And in fact, I have run the modified bpftrace script looking at mmu_notifier_seq counts, and one server is showing this value to be 3,405,720,771 which is north of the 2,147,483,647 value for an int. But this particular server has never had this VM freezing issue.

I suppose one question would be if mmu_notifier_seq correlates directly to mmu_invalidate_seq?

The other question would be if the CPU in use plays a role in this somehow.

The server that has never had this VM freezing issue (the one with a mmu_notifier_seq count of 3,405,720,771) is using an AMD Ryzen 9 3900X CPU.

The other servers that are experiencing this VM freezing issue are using CPUs:

Intel Xeon E3-1230v2
Intel Xeon E3-1270v2
Intel Core i9-11900

The VM freezes happen randomly and I've never been able to find any cause. The last VM froze up after 2 days of uptime. Another froze up after 130+ days of uptime.

When the freeze ups happen, the qemu-kvm process is running at 100% of CPU. All of the CPUs dedicated to that VM (these are all single tenant node servers - only one VM running on the server) are showing 0% idle and just get stuck.

Again, sorry for muddying up this thread - as I said, I'm not using Proxmox - but I've been pulling my hair out for months trying to figure this out. I found this thread through a Google search and other than being AlmaLinux and not Proxmox, everything this thread describes seems to be happening during my freeze ups. A Google search doesn't seem to reveal any other AlmaLinux users experiencing this issue, which is puzzling itself.
You know the relevant commits that caused and fixed the issue in Proxmox VE. You'll have to ask the AlmaLinux devs/community or look at their kernel repository to see if the relevant commits are there or not (tip: search by commit title instead of ID, because a backport will get a new ID).
 
Just to follow up with this, in case any other AlmaLinux users experience this issue and come across this thread.

The is_page_fault_stale() function is indeed in the Almalinux kernel and using mmu_seq as an integer parameter. It was added in the 4.18.0-425.3.1 kernel for AlmaLinux 8 and as of this writing - it is still in the latest kernel 4.18.0-477.27.2 as an integer.

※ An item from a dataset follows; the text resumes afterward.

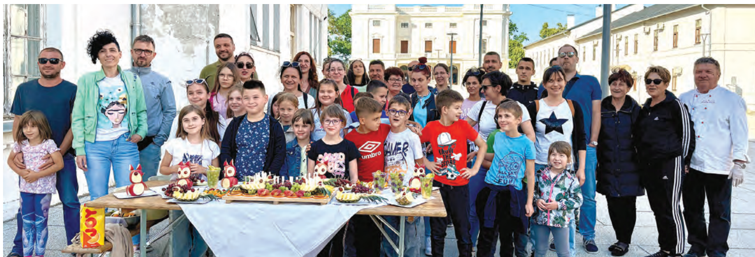
Sudionici ovogodišnjeg obilježavanja Međunarodnog dana obitelji u Belišću

The 4.18.0-425.3.1 and every kernel after that up to 4.18.0-477.27.2 (perhaps newer kernels, that's just the latest kernel as of this post) is still referencing mmu_notifier_seq as an integer in the is_page_fault_stale() function. This results in the qemu-kvm guest freezing when the mmu_notifier_seq counter reaches max integer - 2,147,483,647.

My fix for this was to downgrade the kernel on the node back down to 4.18.0-372.26.1, although I'm fairly certain that 4.18.0-372.32.1 is OK as well. Neither of those kernels - and presumably the ones before them - have the is_page_fault_stale() function and thus no freezing when mmu_notifier_seq reaches max integer. I currently have an AlmaLinux 8 node running 4.18.0-372.26.1 with a qemu-kvm guest and the mmu_notifier_seq is at 2,848,642,148 and it is still running. Previously this node was running 4.18.0-477.27.2 and the qemu-kvm guest froze shortly after mmu_notifier_seq reached 2,147,483,647.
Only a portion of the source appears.